### WORK ITEM
Please restate, word for word, the lines below that begin at the one with "貴州家譜酒榮獲2019全球華人春節(jié)聯(lián)歡晚會指定用酒" and end at the one with "F3 de 72m², meublé". Leave out all other lines.

==== INFORMATION SHOWN ====

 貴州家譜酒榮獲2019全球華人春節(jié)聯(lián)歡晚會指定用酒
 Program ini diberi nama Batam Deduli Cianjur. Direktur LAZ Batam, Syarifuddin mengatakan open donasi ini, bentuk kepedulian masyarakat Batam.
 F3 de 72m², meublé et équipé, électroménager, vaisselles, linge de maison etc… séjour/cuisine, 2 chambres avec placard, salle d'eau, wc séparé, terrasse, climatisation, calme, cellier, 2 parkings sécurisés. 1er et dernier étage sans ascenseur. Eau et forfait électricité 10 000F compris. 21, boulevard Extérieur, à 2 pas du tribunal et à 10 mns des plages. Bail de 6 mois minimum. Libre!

====
==== INFORMATION SHOWN ====

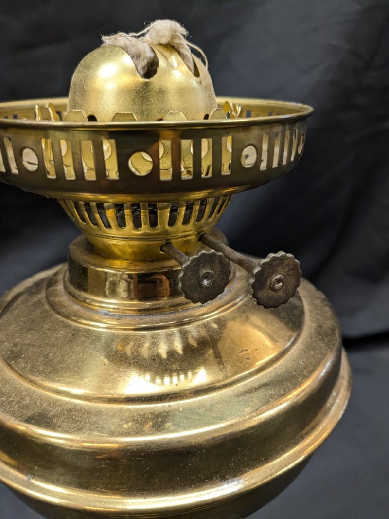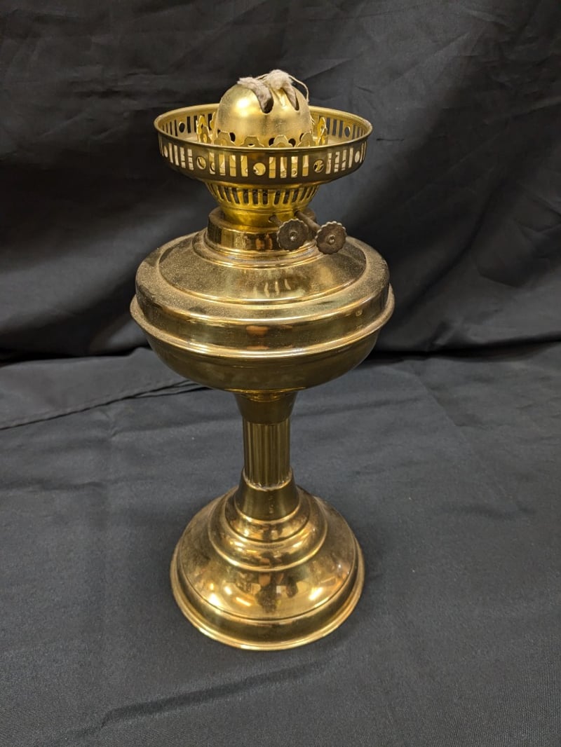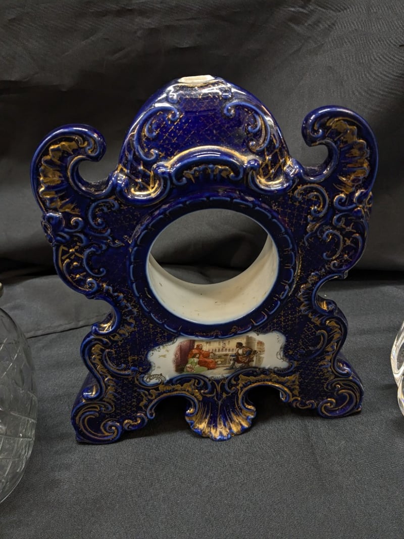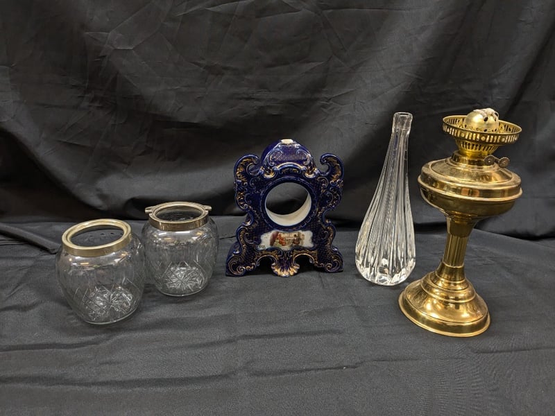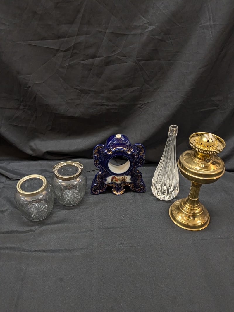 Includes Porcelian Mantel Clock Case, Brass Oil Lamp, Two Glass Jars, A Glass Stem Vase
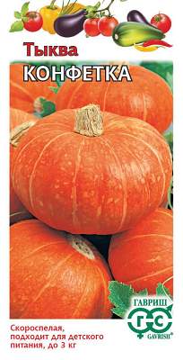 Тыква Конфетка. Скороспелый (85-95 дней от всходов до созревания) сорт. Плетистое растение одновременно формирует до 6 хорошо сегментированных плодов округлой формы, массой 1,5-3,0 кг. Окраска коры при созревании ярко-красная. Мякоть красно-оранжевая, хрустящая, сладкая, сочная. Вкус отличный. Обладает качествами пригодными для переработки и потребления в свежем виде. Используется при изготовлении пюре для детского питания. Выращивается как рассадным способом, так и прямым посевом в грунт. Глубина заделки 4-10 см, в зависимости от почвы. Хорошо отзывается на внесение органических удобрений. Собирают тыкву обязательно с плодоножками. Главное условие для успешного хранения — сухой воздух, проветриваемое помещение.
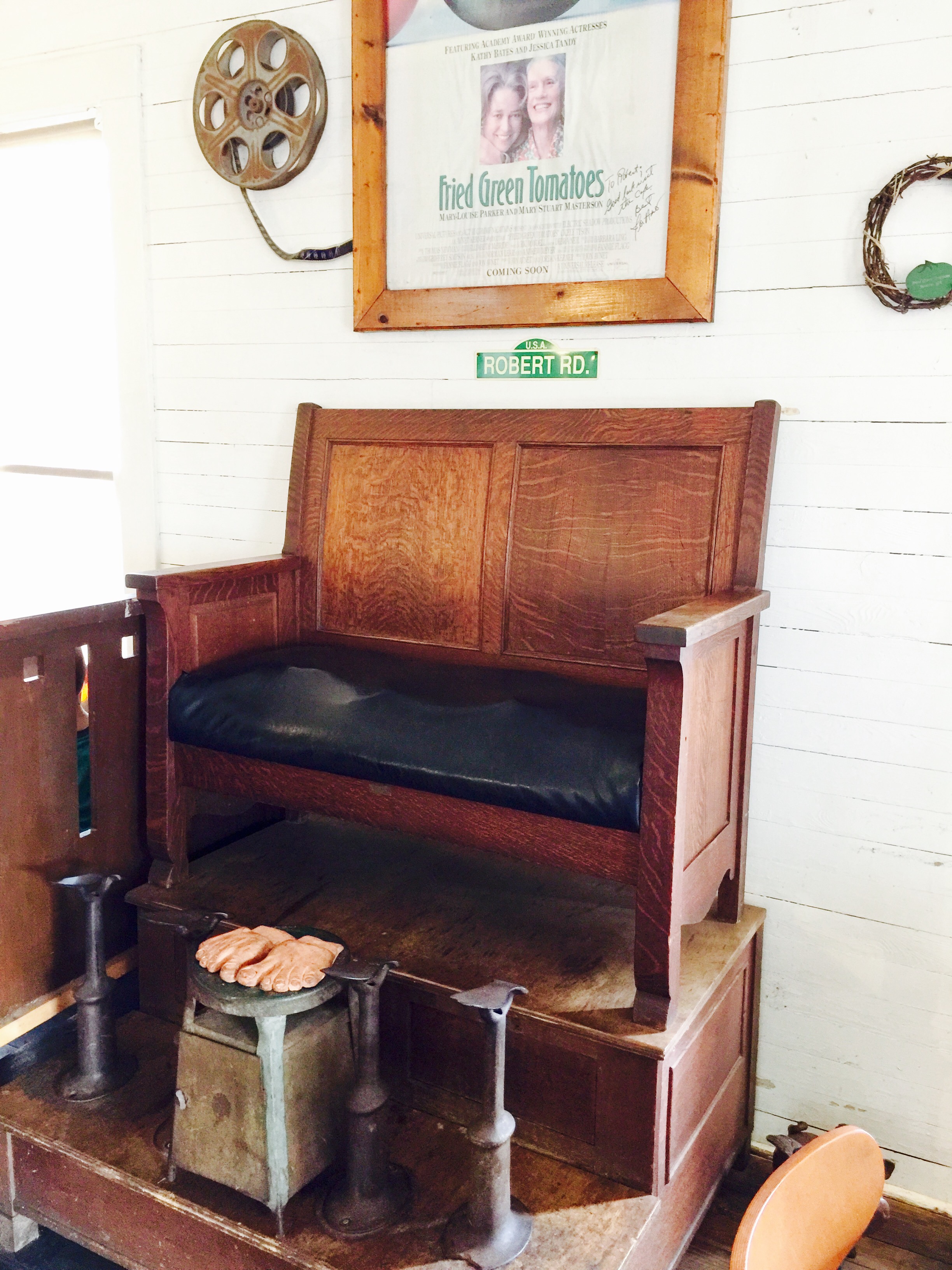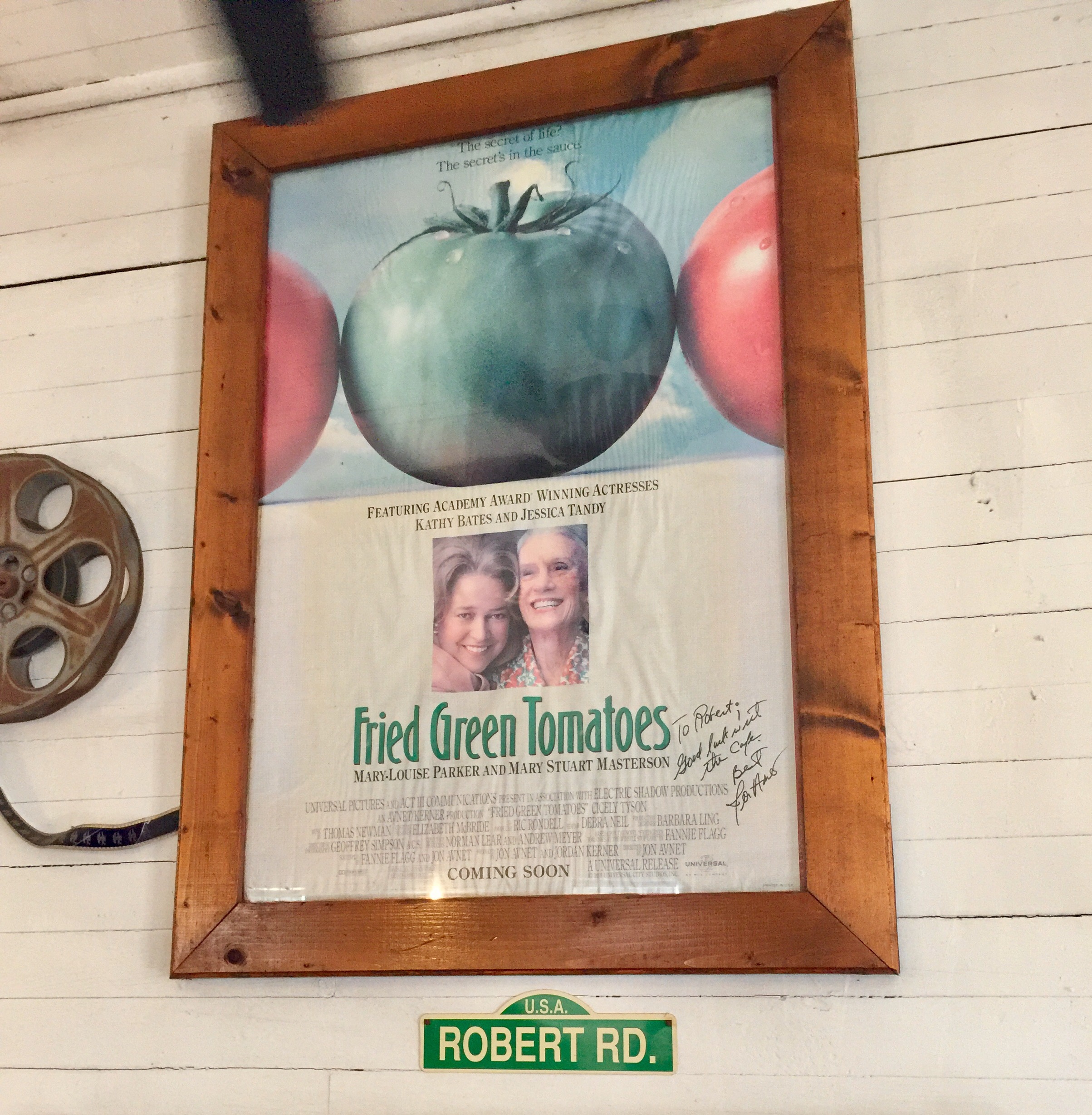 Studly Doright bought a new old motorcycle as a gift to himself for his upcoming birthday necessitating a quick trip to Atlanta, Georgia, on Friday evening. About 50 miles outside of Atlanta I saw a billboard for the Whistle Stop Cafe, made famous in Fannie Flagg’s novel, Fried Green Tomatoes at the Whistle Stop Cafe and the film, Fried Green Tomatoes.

====

### SOLUTION TO THIS EXERCISE
 貴州家譜酒榮獲2019全球華人春節(jié)聯(lián)歡晚會指定用酒
 Program ini diberi nama Batam Deduli Cianjur. Direktur LAZ Batam, Syarifuddin mengatakan open donasi ini, bentuk kepedulian masyarakat Batam.
 F3 de 72m², meublé et équipé, électroménager, vaisselles, linge de maison etc… séjour/cuisine, 2 chambres avec placard, salle d'eau, wc séparé, terrasse, climatisation, calme, cellier, 2 parkings sécurisés. 1er et dernier étage sans ascenseur. Eau et forfait électricité 10 000F compris. 21, boulevard Extérieur, à 2 pas du tribunal et à 10 mns des plages. Bail de 6 mois minimum. Libre!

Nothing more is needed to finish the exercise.